**DATA FOR THIS EXERCISE**:
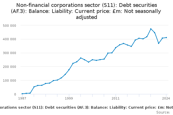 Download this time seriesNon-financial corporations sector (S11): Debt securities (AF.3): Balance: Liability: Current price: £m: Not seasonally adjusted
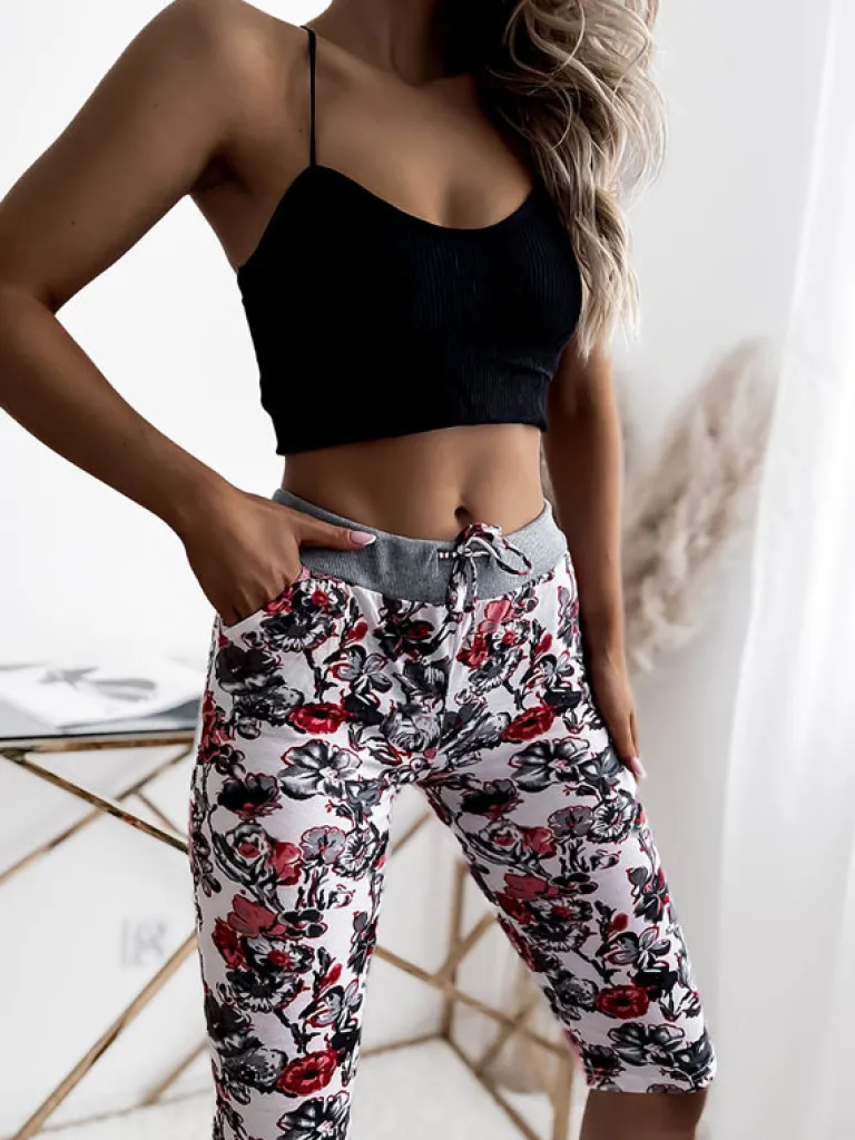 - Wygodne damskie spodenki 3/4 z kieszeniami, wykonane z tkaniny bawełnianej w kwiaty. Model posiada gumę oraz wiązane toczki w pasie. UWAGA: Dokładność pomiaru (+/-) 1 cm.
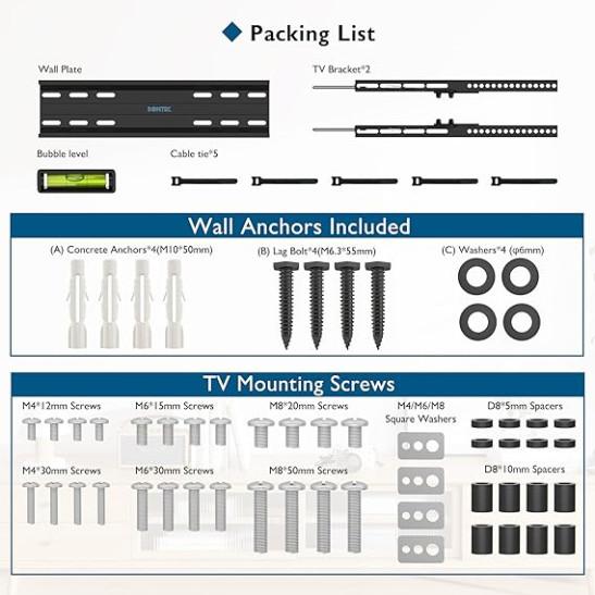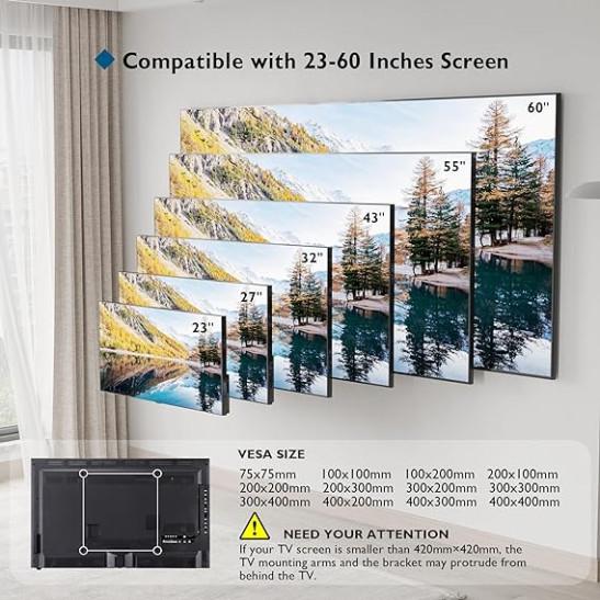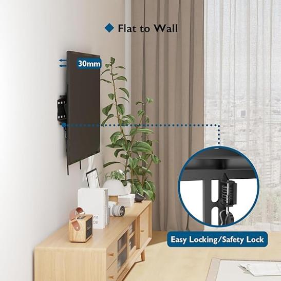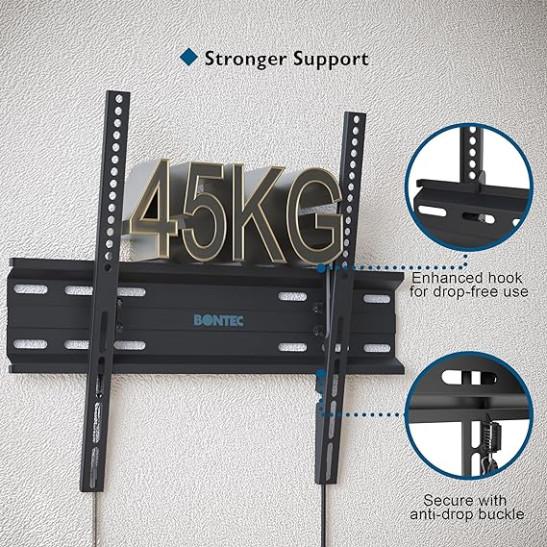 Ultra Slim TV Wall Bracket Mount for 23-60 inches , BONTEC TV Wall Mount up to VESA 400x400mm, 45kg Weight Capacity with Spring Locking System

* * *

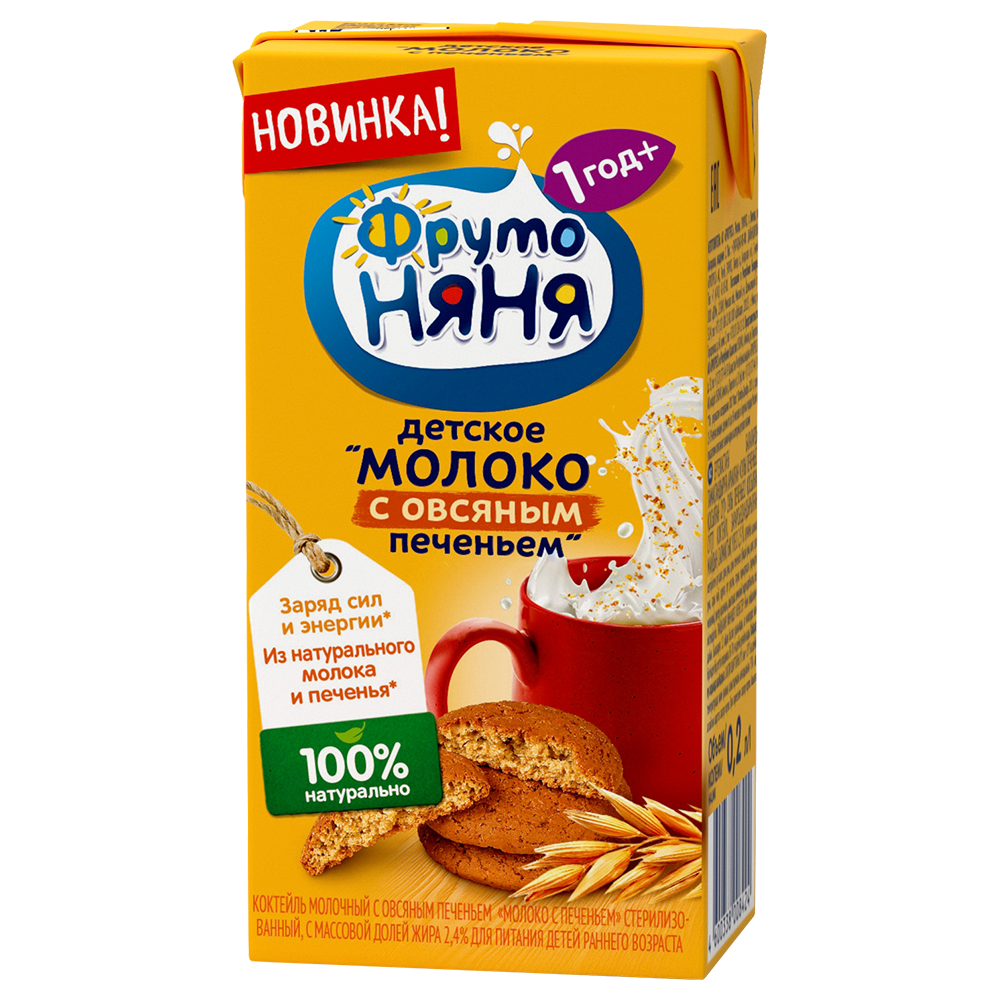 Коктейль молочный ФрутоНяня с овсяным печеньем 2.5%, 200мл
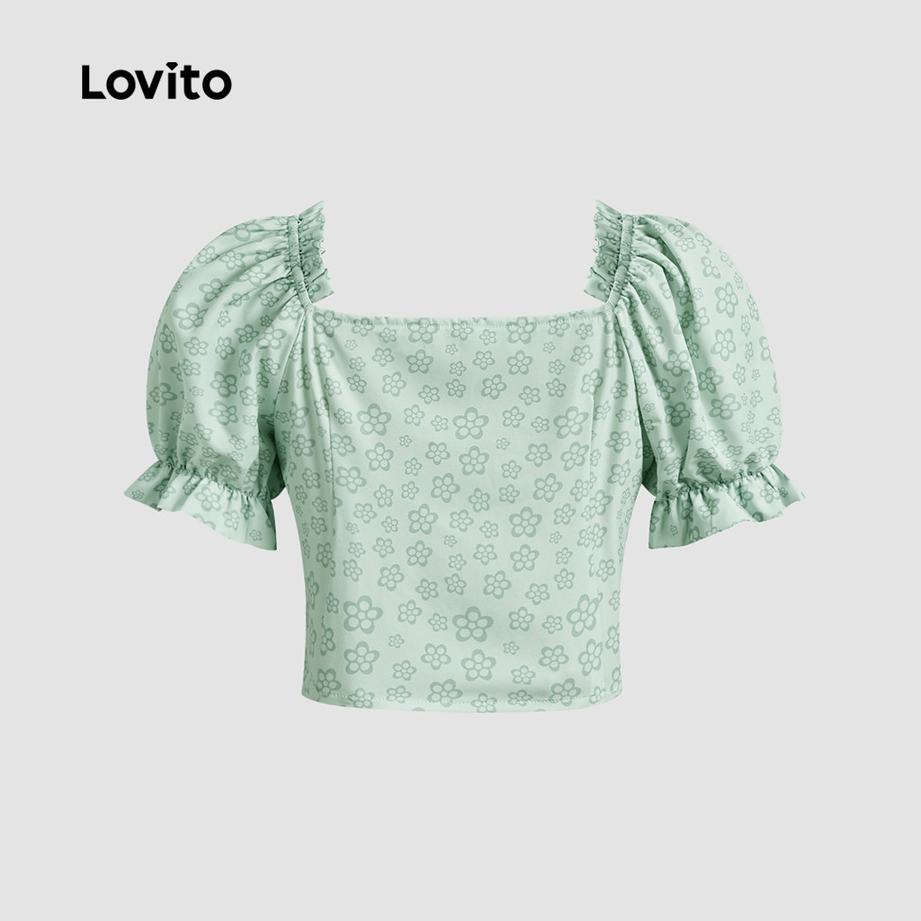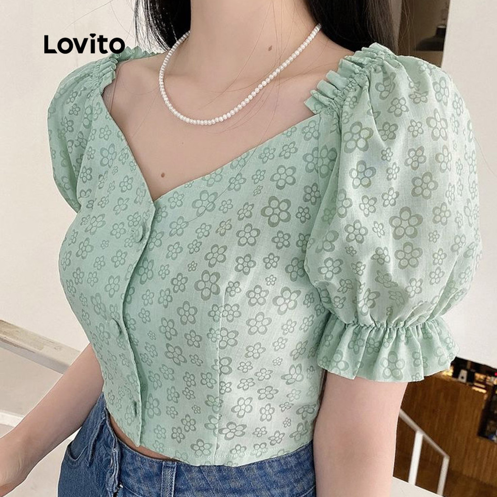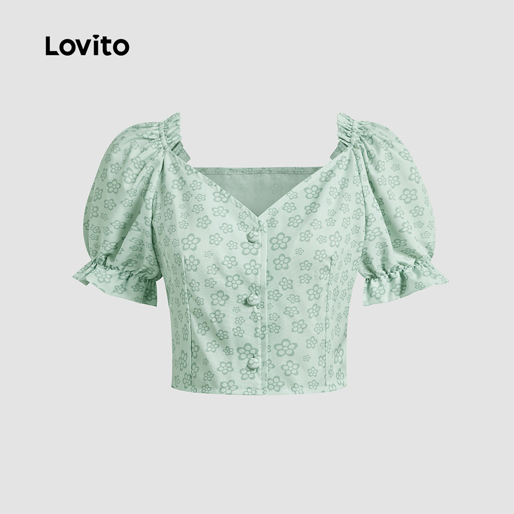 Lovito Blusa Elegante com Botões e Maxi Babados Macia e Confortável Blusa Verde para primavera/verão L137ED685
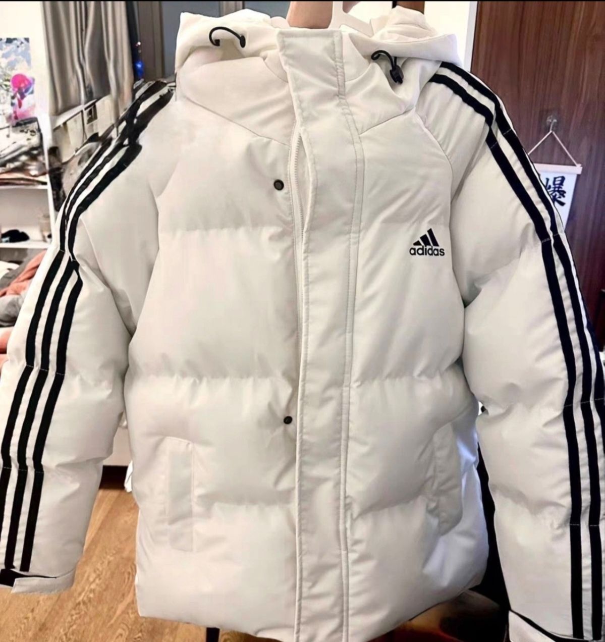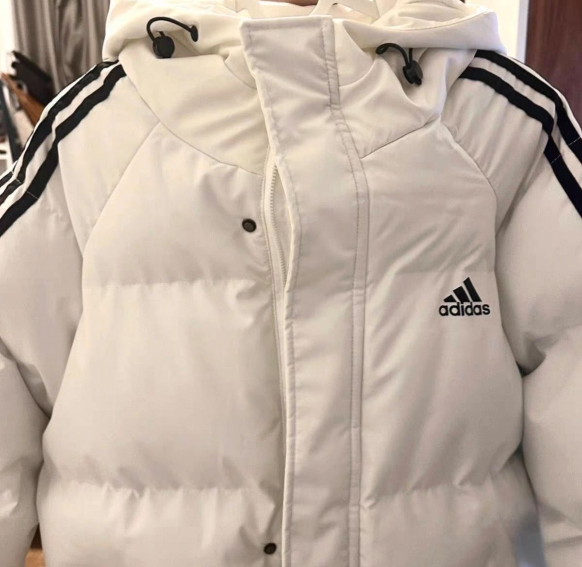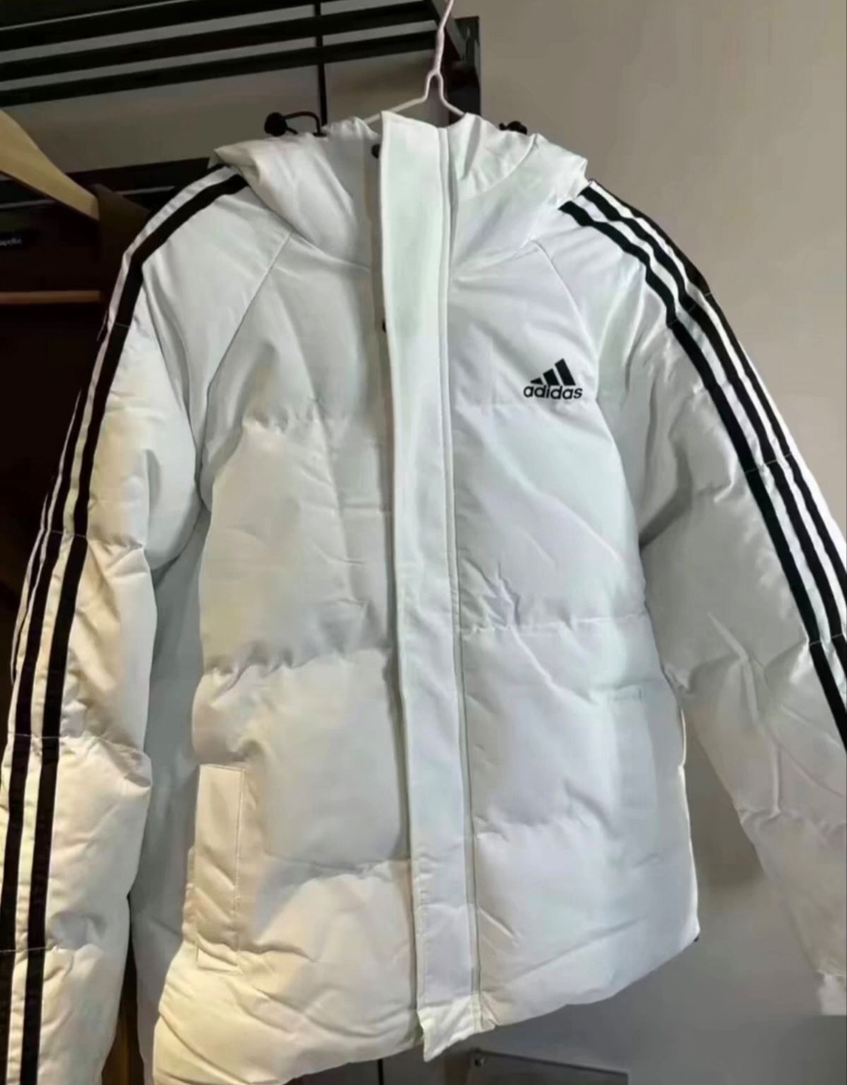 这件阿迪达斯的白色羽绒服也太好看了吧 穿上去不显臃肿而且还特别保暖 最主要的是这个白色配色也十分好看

**WORK ITEM**: Reproduce exactly the lines of the data above that run from the line with "Download this time" down to the line with "- Wygodne damskie", both ends included. Pictures do not belong in the copy.

**YOUR SOLUTION**:
 Download this time seriesNon-financial corporations sector (S11): Debt securities (AF.3): Balance: Liability: Current price: £m: Not seasonally adjusted
 - Wygodne damskie spodenki 3/4 z kieszeniami, wykonane z tkaniny bawełnianej w kwiaty. Model posiada gumę oraz wiązane toczki w pasie. UWAGA: Dokładność pomiaru (+/-) 1 cm.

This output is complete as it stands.